Your objective :: Please reproduce the data exactly and omit the pictures.

(Data records)
=== Section Start ===

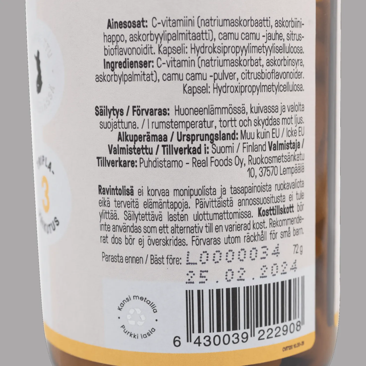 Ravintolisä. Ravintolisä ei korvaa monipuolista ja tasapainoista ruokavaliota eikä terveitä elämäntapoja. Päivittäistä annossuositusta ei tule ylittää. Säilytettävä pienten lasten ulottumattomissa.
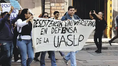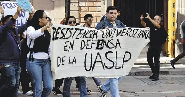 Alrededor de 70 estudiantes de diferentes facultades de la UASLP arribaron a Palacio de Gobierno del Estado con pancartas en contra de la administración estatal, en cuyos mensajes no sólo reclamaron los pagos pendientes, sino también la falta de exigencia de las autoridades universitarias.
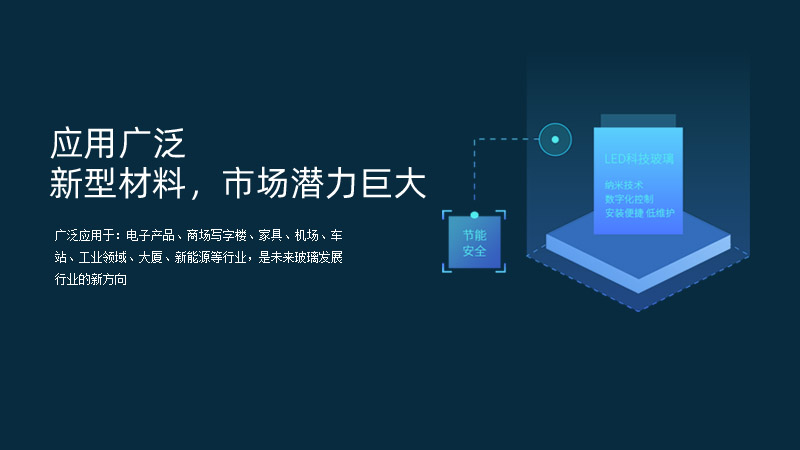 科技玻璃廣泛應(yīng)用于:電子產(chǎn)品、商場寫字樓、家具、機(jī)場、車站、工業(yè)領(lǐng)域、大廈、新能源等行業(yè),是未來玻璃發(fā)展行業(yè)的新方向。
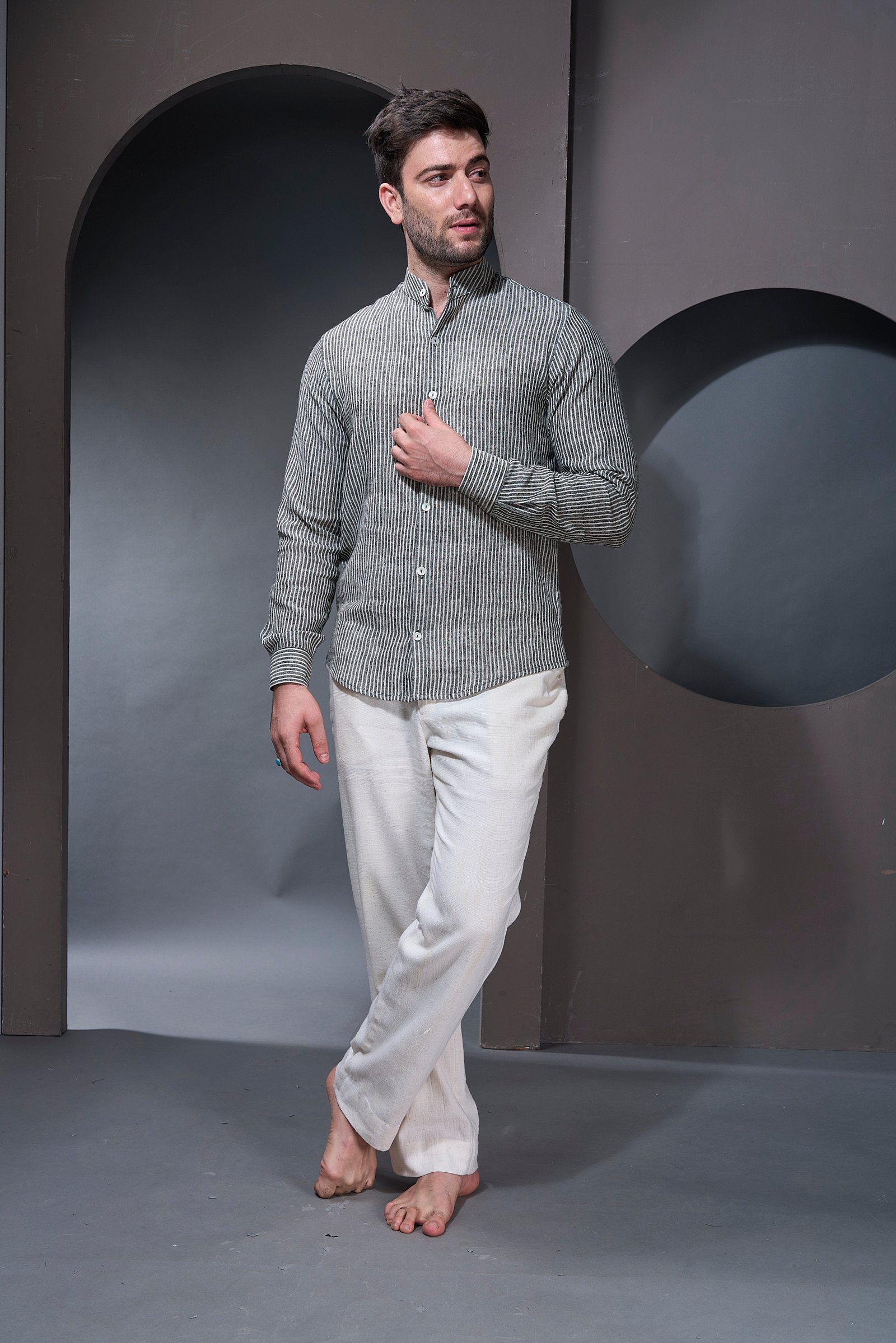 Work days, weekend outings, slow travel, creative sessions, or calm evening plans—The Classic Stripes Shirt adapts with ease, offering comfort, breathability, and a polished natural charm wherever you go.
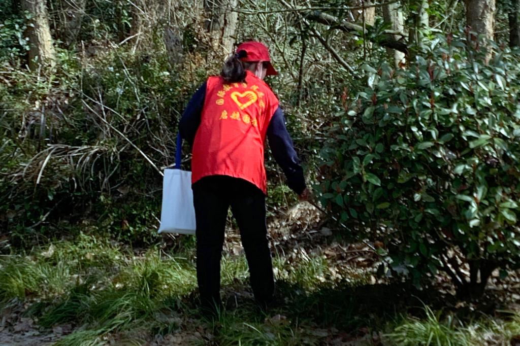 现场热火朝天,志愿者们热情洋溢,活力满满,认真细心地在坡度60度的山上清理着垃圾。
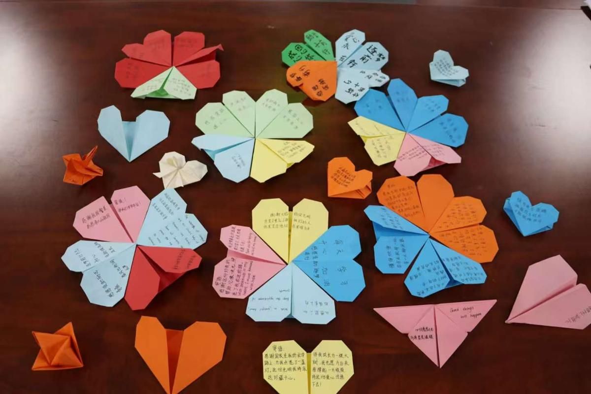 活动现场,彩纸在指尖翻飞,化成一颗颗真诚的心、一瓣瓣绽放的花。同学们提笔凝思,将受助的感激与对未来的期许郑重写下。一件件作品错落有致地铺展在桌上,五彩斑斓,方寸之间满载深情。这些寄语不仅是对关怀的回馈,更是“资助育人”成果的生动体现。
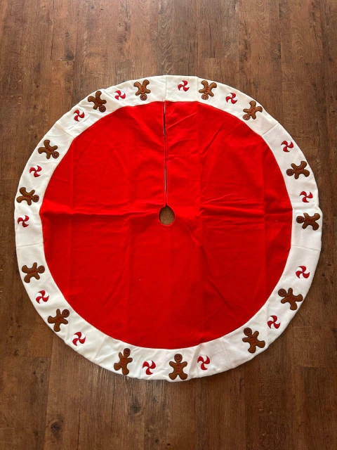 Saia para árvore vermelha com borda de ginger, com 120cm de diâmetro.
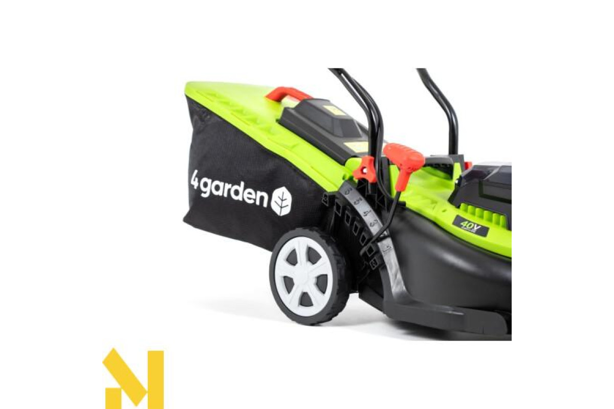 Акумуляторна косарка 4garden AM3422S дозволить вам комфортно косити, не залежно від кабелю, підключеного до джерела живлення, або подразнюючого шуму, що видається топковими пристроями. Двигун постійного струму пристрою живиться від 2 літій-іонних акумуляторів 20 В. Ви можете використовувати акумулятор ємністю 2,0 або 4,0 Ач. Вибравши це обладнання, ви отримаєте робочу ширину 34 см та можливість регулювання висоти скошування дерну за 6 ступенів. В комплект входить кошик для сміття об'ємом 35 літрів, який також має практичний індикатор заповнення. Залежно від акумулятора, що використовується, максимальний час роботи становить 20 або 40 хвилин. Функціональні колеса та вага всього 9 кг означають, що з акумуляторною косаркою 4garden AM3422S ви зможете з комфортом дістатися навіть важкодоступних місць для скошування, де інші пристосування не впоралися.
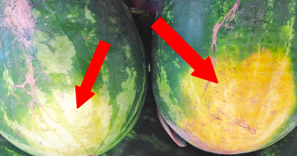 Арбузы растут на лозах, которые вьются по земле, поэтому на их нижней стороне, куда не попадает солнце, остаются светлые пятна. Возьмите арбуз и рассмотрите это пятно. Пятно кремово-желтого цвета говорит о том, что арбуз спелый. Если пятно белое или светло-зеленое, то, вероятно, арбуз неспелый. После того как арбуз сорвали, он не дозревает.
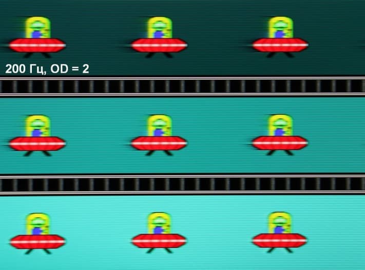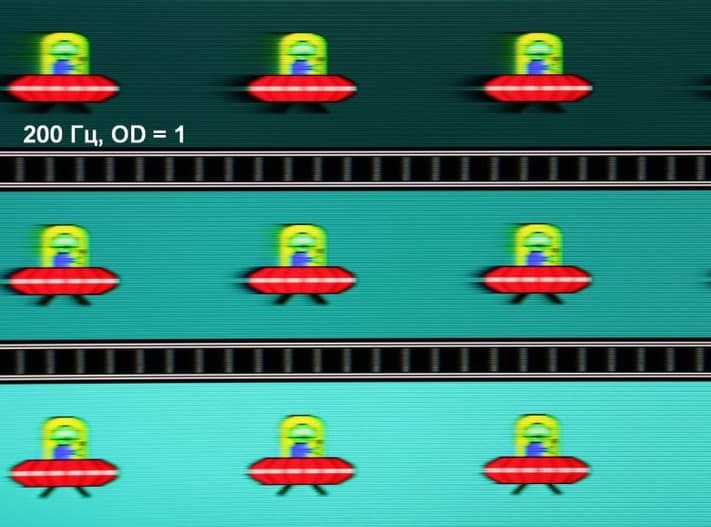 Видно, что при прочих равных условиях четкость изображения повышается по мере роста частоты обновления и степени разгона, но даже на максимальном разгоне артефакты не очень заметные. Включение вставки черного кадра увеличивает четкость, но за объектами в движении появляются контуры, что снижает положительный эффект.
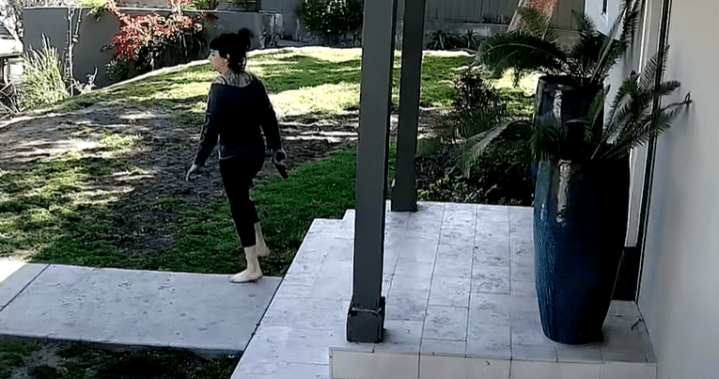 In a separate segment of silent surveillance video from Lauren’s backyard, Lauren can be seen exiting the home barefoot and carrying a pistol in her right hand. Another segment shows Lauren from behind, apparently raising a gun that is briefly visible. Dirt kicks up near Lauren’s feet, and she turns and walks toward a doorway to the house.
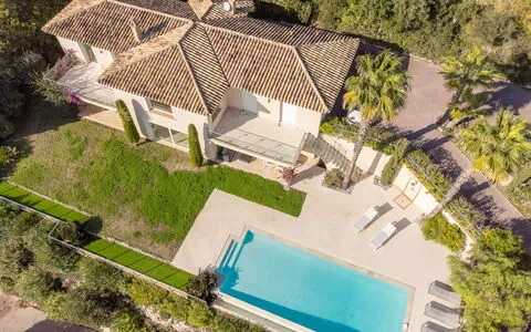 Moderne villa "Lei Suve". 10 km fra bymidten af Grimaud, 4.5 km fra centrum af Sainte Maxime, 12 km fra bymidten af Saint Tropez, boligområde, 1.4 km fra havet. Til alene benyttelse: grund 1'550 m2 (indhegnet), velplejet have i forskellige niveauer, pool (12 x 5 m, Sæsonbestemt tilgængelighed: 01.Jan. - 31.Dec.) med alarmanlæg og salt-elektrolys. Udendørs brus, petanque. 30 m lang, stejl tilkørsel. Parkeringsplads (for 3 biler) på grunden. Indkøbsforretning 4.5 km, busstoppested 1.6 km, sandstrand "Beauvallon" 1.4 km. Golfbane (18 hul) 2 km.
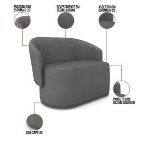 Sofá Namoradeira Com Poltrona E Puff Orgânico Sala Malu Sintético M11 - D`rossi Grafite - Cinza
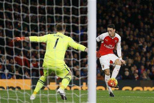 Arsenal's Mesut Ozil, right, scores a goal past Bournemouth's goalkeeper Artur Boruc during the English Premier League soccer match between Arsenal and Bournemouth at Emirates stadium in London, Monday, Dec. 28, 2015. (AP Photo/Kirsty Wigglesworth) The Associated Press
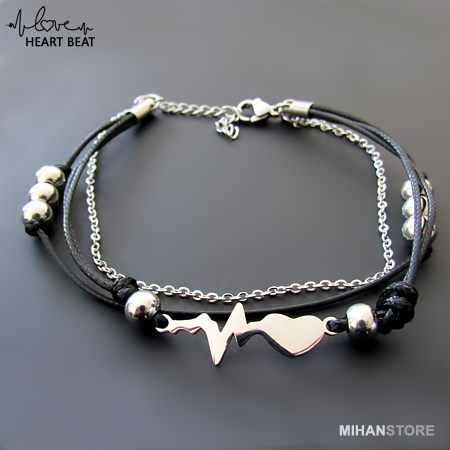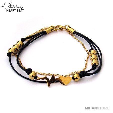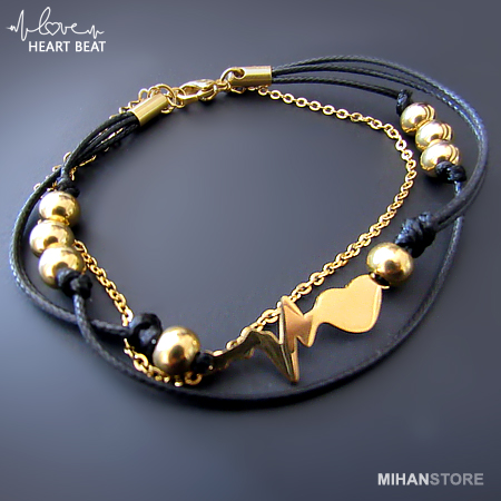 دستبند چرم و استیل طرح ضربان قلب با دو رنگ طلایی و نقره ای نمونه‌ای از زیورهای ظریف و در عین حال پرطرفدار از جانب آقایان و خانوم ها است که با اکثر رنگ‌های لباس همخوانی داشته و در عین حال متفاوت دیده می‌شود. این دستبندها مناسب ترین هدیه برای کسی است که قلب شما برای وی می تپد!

=== Section End ===

Response ::
 Ravintolisä. Ravintolisä ei korvaa monipuolista ja tasapainoista ruokavaliota eikä terveitä elämäntapoja. Päivittäistä annossuositusta ei tule ylittää. Säilytettävä pienten lasten ulottumattomissa.
 Alrededor de 70 estudiantes de diferentes facultades de la UASLP arribaron a Palacio de Gobierno del Estado con pancartas en contra de la administración estatal, en cuyos mensajes no sólo reclamaron los pagos pendientes, sino también la falta de exigencia de las autoridades universitarias.
 科技玻璃廣泛應(yīng)用于:電子產(chǎn)品、商場寫字樓、家具、機(jī)場、車站、工業(yè)領(lǐng)域、大廈、新能源等行業(yè),是未來玻璃發(fā)展行業(yè)的新方向。
 Work days, weekend outings, slow travel, creative sessions, or calm evening plans—The Classic Stripes Shirt adapts with ease, offering comfort, breathability, and a polished natural charm wherever you go.
 现场热火朝天,志愿者们热情洋溢,活力满满,认真细心地在坡度60度的山上清理着垃圾。
 活动现场,彩纸在指尖翻飞,化成一颗颗真诚的心、一瓣瓣绽放的花。同学们提笔凝思,将受助的感激与对未来的期许郑重写下。一件件作品错落有致地铺展在桌上,五彩斑斓,方寸之间满载深情。这些寄语不仅是对关怀的回馈,更是“资助育人”成果的生动体现。
 Saia para árvore vermelha com borda de ginger, com 120cm de diâmetro.
 Акумуляторна косарка 4garden AM3422S дозволить вам комфортно косити, не залежно від кабелю, підключеного до джерела живлення, або подразнюючого шуму, що видається топковими пристроями. Двигун постійного струму пристрою живиться від 2 літій-іонних акумуляторів 20 В. Ви можете використовувати акумулятор ємністю 2,0 або 4,0 Ач. Вибравши це обладнання, ви отримаєте робочу ширину 34 см та можливість регулювання висоти скошування дерну за 6 ступенів. В комплект входить кошик для сміття об'ємом 35 літрів, який також має практичний індикатор заповнення. Залежно від акумулятора, що використовується, максимальний час роботи становить 20 або 40 хвилин. Функціональні колеса та вага всього 9 кг означають, що з акумуляторною косаркою 4garden AM3422S ви зможете з комфортом дістатися навіть важкодоступних місць для скошування, де інші пристосування не впоралися.
 Арбузы растут на лозах, которые вьются по земле, поэтому на их нижней стороне, куда не попадает солнце, остаются светлые пятна. Возьмите арбуз и рассмотрите это пятно. Пятно кремово-желтого цвета говорит о том, что арбуз спелый. Если пятно белое или светло-зеленое, то, вероятно, арбуз неспелый. После того как арбуз сорвали, он не дозревает.
 Видно, что при прочих равных условиях четкость изображения повышается по мере роста частоты обновления и степени разгона, но даже на максимальном разгоне артефакты не очень заметные. Включение вставки черного кадра увеличивает четкость, но за объектами в движении появляются контуры, что снижает положительный эффект.
 In a separate segment of silent surveillance video from Lauren’s backyard, Lauren can be seen exiting the home barefoot and carrying a pistol in her right hand. Another segment shows Lauren from behind, apparently raising a gun that is briefly visible. Dirt kicks up near Lauren’s feet, and she turns and walks toward a doorway to the house.
 Moderne villa "Lei Suve". 10 km fra bymidten af Grimaud, 4.5 km fra centrum af Sainte Maxime, 12 km fra bymidten af Saint Tropez, boligområde, 1.4 km fra havet. Til alene benyttelse: grund 1'550 m2 (indhegnet), velplejet have i forskellige niveauer, pool (12 x 5 m, Sæsonbestemt tilgængelighed: 01.Jan. - 31.Dec.) med alarmanlæg og salt-elektrolys. Udendørs brus, petanque. 30 m lang, stejl tilkørsel. Parkeringsplads (for 3 biler) på grunden. Indkøbsforretning 4.5 km, busstoppested 1.6 km, sandstrand "Beauvallon" 1.4 km. Golfbane (18 hul) 2 km.
 Sofá Namoradeira Com Poltrona E Puff Orgânico Sala Malu Sintético M11 - D`rossi Grafite - Cinza
 Arsenal's Mesut Ozil, right, scores a goal past Bournemouth's goalkeeper Artur Boruc during the English Premier League soccer match between Arsenal and Bournemouth at Emirates stadium in London, Monday, Dec. 28, 2015. (AP Photo/Kirsty Wigglesworth) The Associated Press
 دستبند چرم و استیل طرح ضربان قلب با دو رنگ طلایی و نقره ای نمونه‌ای از زیورهای ظریف و در عین حال پرطرفدار از جانب آقایان و خانوم ها است که با اکثر رنگ‌های لباس همخوانی داشته و در عین حال متفاوت دیده می‌شود. این دستبندها مناسب ترین هدیه برای کسی است که قلب شما برای وی می تپد!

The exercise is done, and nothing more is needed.